I think with Peter at least Marvel is, to some extent, always chasing that initial high of success. It doesn't matter that Peter only spent an initial 28 issues in high school and that Spider-Man has largely seen success as an independent, adult hero -- and that part of that fame comes from his very successful and popular romantic relationship with Mary Jane. What matters is that Peter initially became wildly popular as a teen hero, as a high school kid, and so I think Marvel continually traps themselves in that cycle where they need to revisit those high school years again and again.
And there's problems with that, because most of the popular Spider-Man characters weren't in that high school cast. So they reinvent MJ and Harry and Gwen and force them into boxes they were never meant to fulfill. You know, MJ has to become the literal girl next door, or a high school best friend. And I think it also ignores what made Peter so wildly popular as a teen hero -- that independence. Peter did everything on his own. That made him appealing to readers. He didn't need to be apprenticed to an adult, or follow in someone's footsteps as a sidekick. Spider-Man was always standing on his own two feet, without any help from anyone. That's how he broke that teen hero mold.
And I think you see that to a certain extent in how audiences are excited for the new MCU movie, because people want to see Peter stand totally on his own. I have no interest in the MCU, but I think it's interesting to see people commenting on that just from the perspective of seeing how fandom reacts to things. People want that independence from Peter. They want to see him as a solo hero.
Johnny, by comparison, is not a solo hero, and at least in 616 continuity really can't function as one on a permanent basis. He can have solo adventures, sure, but part of Johnny's character has always been a social animal. He's a heroic person on his own, but he's a spacefaring superhero adventurer because that's what his family does. Left alone, Johnny tends to spiral. But that's kind of beside the point. The point is, why, when Johnny's origin is just as rooted in his youth as Peter's, do adaptations consistently erase the age gap between him and the other three? Why do they always either age him up or age the others down?

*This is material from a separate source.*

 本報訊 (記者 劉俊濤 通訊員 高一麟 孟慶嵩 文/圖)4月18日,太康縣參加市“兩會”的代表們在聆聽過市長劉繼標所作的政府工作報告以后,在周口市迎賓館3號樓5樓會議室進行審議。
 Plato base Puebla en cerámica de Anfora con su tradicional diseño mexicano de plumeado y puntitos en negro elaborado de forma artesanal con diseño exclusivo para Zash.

(I'm not really clear on how old he's supposed to be in First Steps at the time of the accident, but it didn't look like 16.)

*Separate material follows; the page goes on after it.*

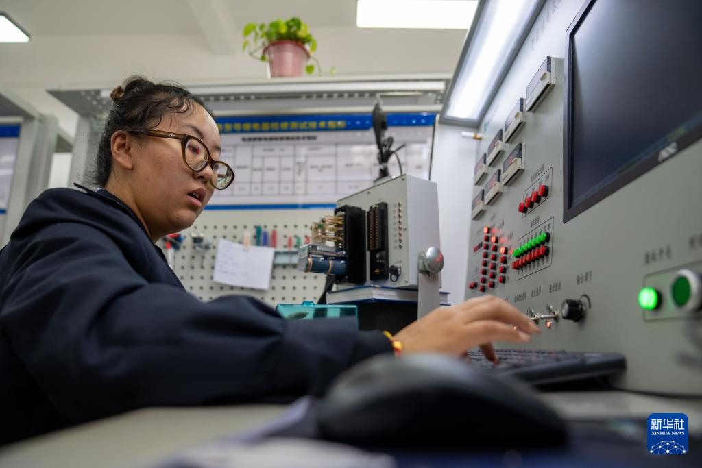 1月6日,拉薩基礎(chǔ)設(shè)施段電務(wù)專修車間繼電器檢修工區(qū)的信號(hào)工德吉卓瑪在檢測(cè)繼電器。新華社記者 旦增尼瑪曲珠 攝

So I think in adapting the Fantastic Four, the original origin story always seems to present a problem. I think because, first, it requires the Fantastic Four to steal that spaceship. This is not a government-sanctioned flight. They stole that thing. Second because it requires Reed to be wrong.
Fantastic Four introduces us to the smartest man in the world and then it tells us that in his hubris, his first act is this terrible mistake that changes his family forever. Now what he does after that -- I think that really does show that Reed is a genius. But that's not the narrative movies want to go with, generally. They would rather skip the theft, save for Fant4stic, a movie that has a whole host of other problems. And even in Fant4stic, Reed and Sue and Ben are aged down closer to Johnny, and absolved of some of the responsibility of their actions because of that.
Basically, I think no one wants to try to explain why three smart, competent adults went "this is fine" and brought a 16-year-old on their dangerous space flight theft mission. There's other issues here. I think that nobody wants to make Johnny 16 for reasons besides that, like Fantastic Four (2005) and its decision to play up the skirt chaser reputation, or not wanting the team to look unequal. I think there is worry about the teen sidekick aspect always -- I mean, look at Batman adaptations. Peter, being a solo hero, I think largely escapes this, although it does make me kind of side eye some of the earlier MCU Spider-Man choices more, particularly in how they utilized Iron Man.
I think the closest we get to teen Johnny in a live action is the unreleased Roger Corman Fantastic Four film. You do see him there as a child while Reed and Ben are boarding at Johnny and Sue's aunt's house. (And there is a very cute scene in the beginning, if you've never seen it, where college Ben is playing video games with itty-bitty baby Johnny, and where Reed later picks him up.) The downside there is that they were leaning into Byrne's origin story, which aged Sue down considerably.
But I also feel like this is generally a problem where Marvel doesn't want to really dig into Sue and Johnny's backstory, and it's just kind of a shame. I think there's a lot to get into there that outlines who they both are as heroes, where Sue is used to shouldering immense amounts of responsibility, and feeling unseen, and Johnny is used to pretending like everything is okay, because he and his sister need to stay together. I would love a limited comics series about it, honestly, but I don't think Marvel would be interested in it.